Posted on July 1, 2015
“I’m not sure what I’ll be doing. What my day will look like is completely unknown to me. I don’t have any friends going. I’ll be sleeping away from my home. I probably won’t like the food either.”
These could be sentiments shared by our children and teens before they go to overnight camp, but alas they are actually mine. I’m going for the first time to Camp Newman, the Union for Reform Judaism, in Northern California for two weeks in July. Many rabbis and Jewish professionals do this. It’s a way of serving the greater Jewish community, supporting our own temple youth, and participating and leading creative Jewish programming. I’ve been asked for years to do this and somehow found the right excuse not to. Not this year though. I know the timing is right and it’s the right thing to do. However, it’s all new to me.

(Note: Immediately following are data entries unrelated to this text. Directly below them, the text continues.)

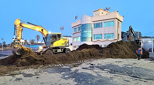 제주시 삼양동(동장 김학철)은 최근 삼양해수욕장 등 일원에서 장비기사 등 5명이 참여한 가운데 포클레인 3대 및 덤프트럭 2대를 동원해 괭생이모자반 100여t 을 수거했다. 수거한 괭생이모자반은 퇴비사용을 희망한 농가에 무상으로 제공했다.
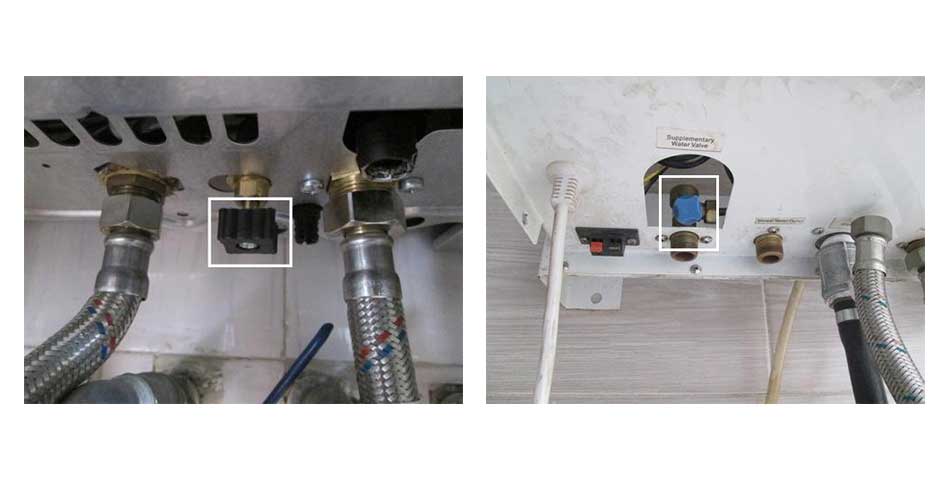 2– با توجه به اینکه زیر پکیج 4 عدد شیلنک رفت و برگشت آب وجود دارد و هر کدام از آنها یک فلکه دارد شیلنکی که ورودی آب شهری پکیج میباشد فلکه آن را کاملا سفت میکنیم تا از ورود آب به پکیج جلوگیری شود.
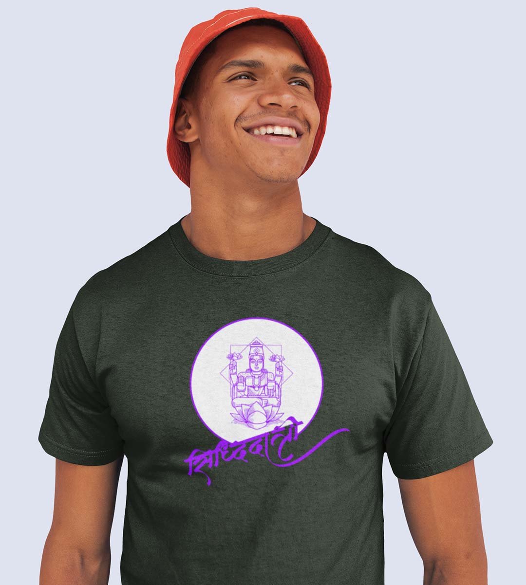Shiddhidhatri text printed unisex adults round neck cotton half-sleeve green tshirt specially for Navratri festival/ Durga puja
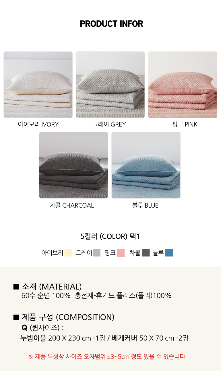 PZZ 60수순면 피그먼트바이오워싱 누빔베개세트Q5컬러
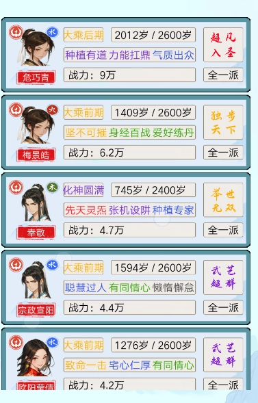 3. 弟子天赋——近百种天赋随机搭配组合,而后弟子们依据天赋被分派至各个分支,在各自岗位上各尽其责。
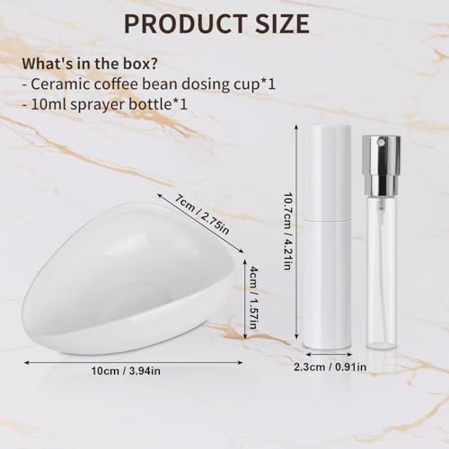 ERAVSOW - مجموعة كوب جرعات حبوب القهوة وزجاجة بخاخ - صينية جرعات فردية من السيراميك، بخاخ تقليل الكهرباء الساكنة (ابيض)
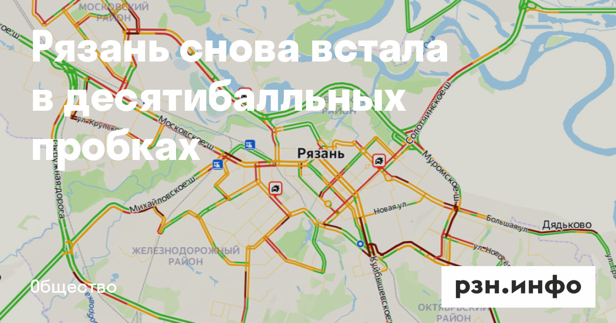 Рязань снова встала в десятибалльных пробках. Об этом свидетельствуют данные сервиса «Яндекс.Карты».
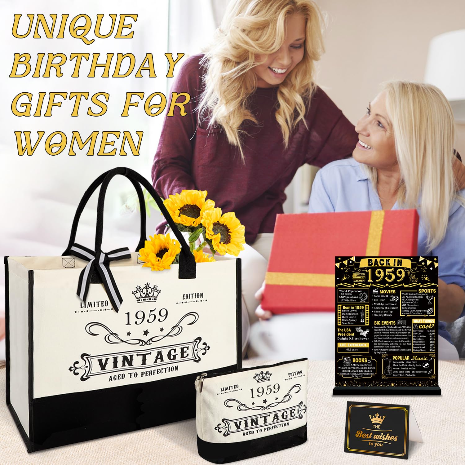 Great Gift for Her 66th Birthday: This gifts set for 66th birthday women contains: 1 X 1959 beach bag, 1 X cosmetic bag, 1 X back in 1959 poster, 1 X greeting card. Unique canvas tote bag gifts set will be a adorable gift for women's 66th birthday. This birthday 66 gifts themed idea makes the perfect choice for putting a smile on her face on their special day.
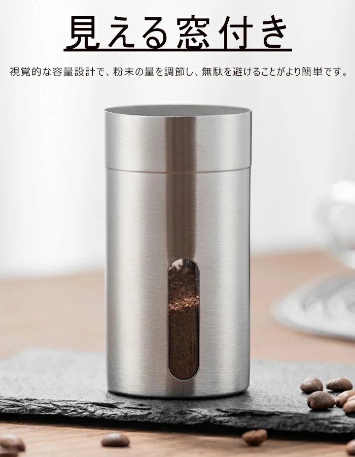 【デザイン性】ステンレス素材で錆にくくモダンなデザインが特徴です。手挽きコーヒーミルの内刃/外刃はセラミック素材でコーヒー豆を衛生的に取り扱えておいしいコーヒーが挽けます。
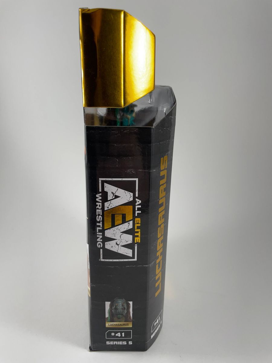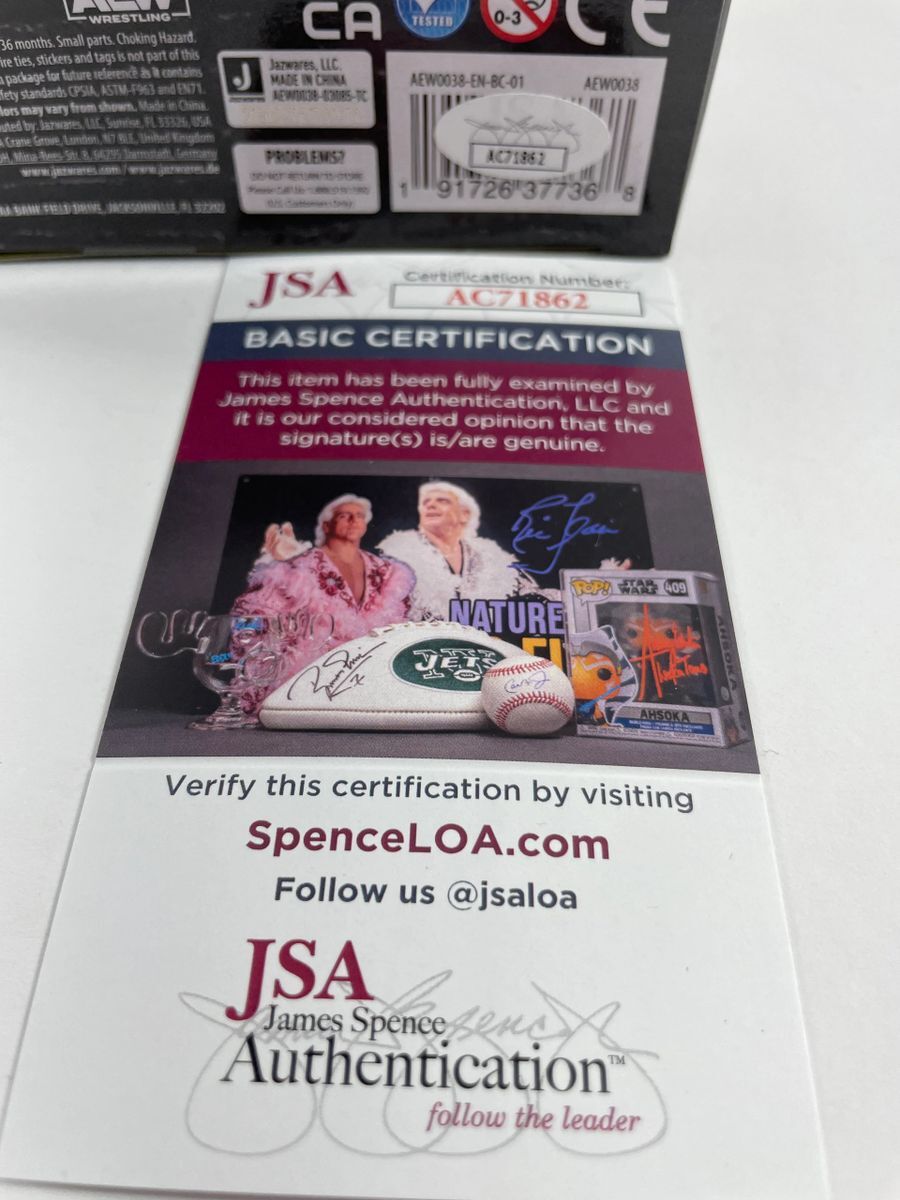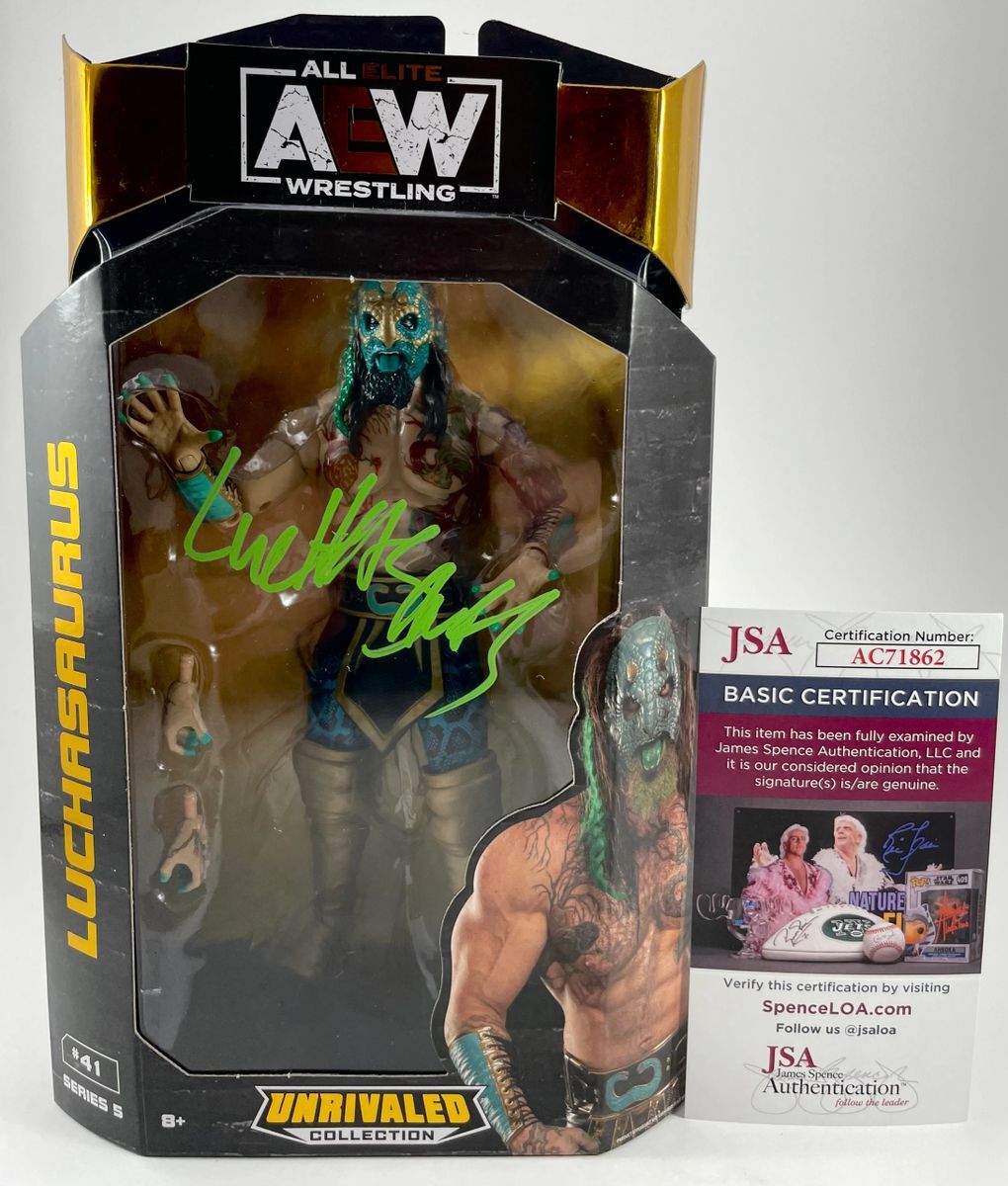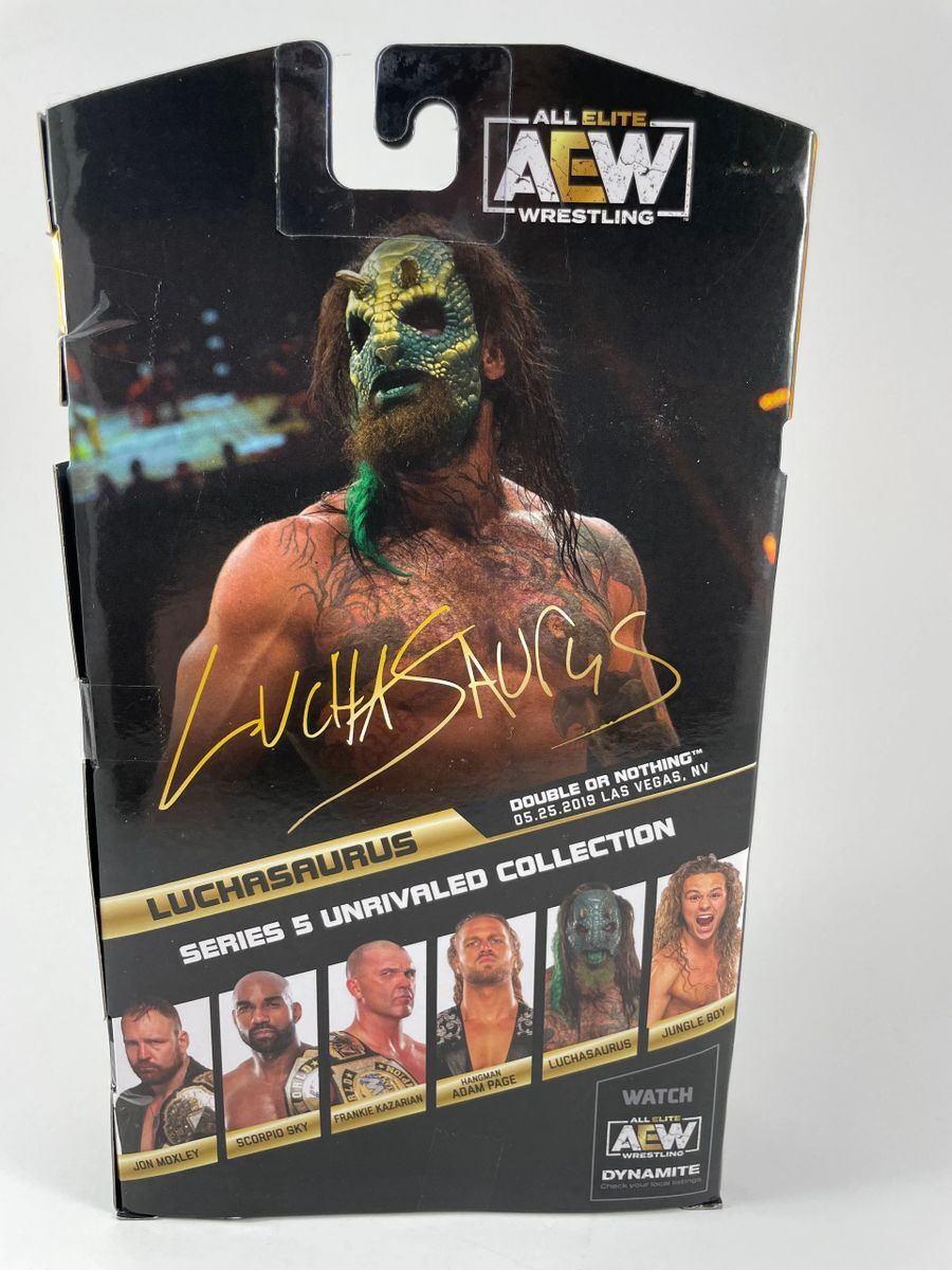 Luchasaurus Jazwares AEW Unrivaled Series 5 Wrestling Figure, hand signed by former All Elite Wrestling (AEW) Tag Team Champion, and one half of Jurassic Express, Luchasaurus. This is a clean, well placed signature, signed in a flowing Green 2 MM Decco paint pen that really pops off of the plastic. Item has been authenticated by James Spence Authentications, and includes the JSA Certificate of Authenticity card. JSA COA# AC71862

As an adult, I can be fearful of the unknown just as our kids are. Even as I confess that I’m a bit nervous about sleeping away from home without people I like and love, I am very curious to see the camp and how it works. Our synagogue has been promoting Camp Newman because it is a product of our movement and reflects our values. Through the Lynn Front Memorial URJ Campership Fund of our Foundation, we have been providing grants for our youth with priority to those entering 7-9th grade with financial need and absolute merit to attend Camp Newman. Through the vision of Seth Front, son of the late Rabbi Henri and Regina Front, we have been sending record numbers of youth to Camp Newman. The reports from our youth have been amazing. I have heard from everyone how much fun their camp experience was, all the friends they made, and they genuinely have an excitement for Judaism upon their return.
My experience, as an adult and rabbi, I expect to be different from our youth. I am looking forward to seeing the camp, helping with programming and worship, and keeping an eye out for our Temple youth. I may not like the food but I do anticipate working with dedicated staff and clergy during my time away. I’ll be sure give you a report on activities at camp. In the meantime, off I go.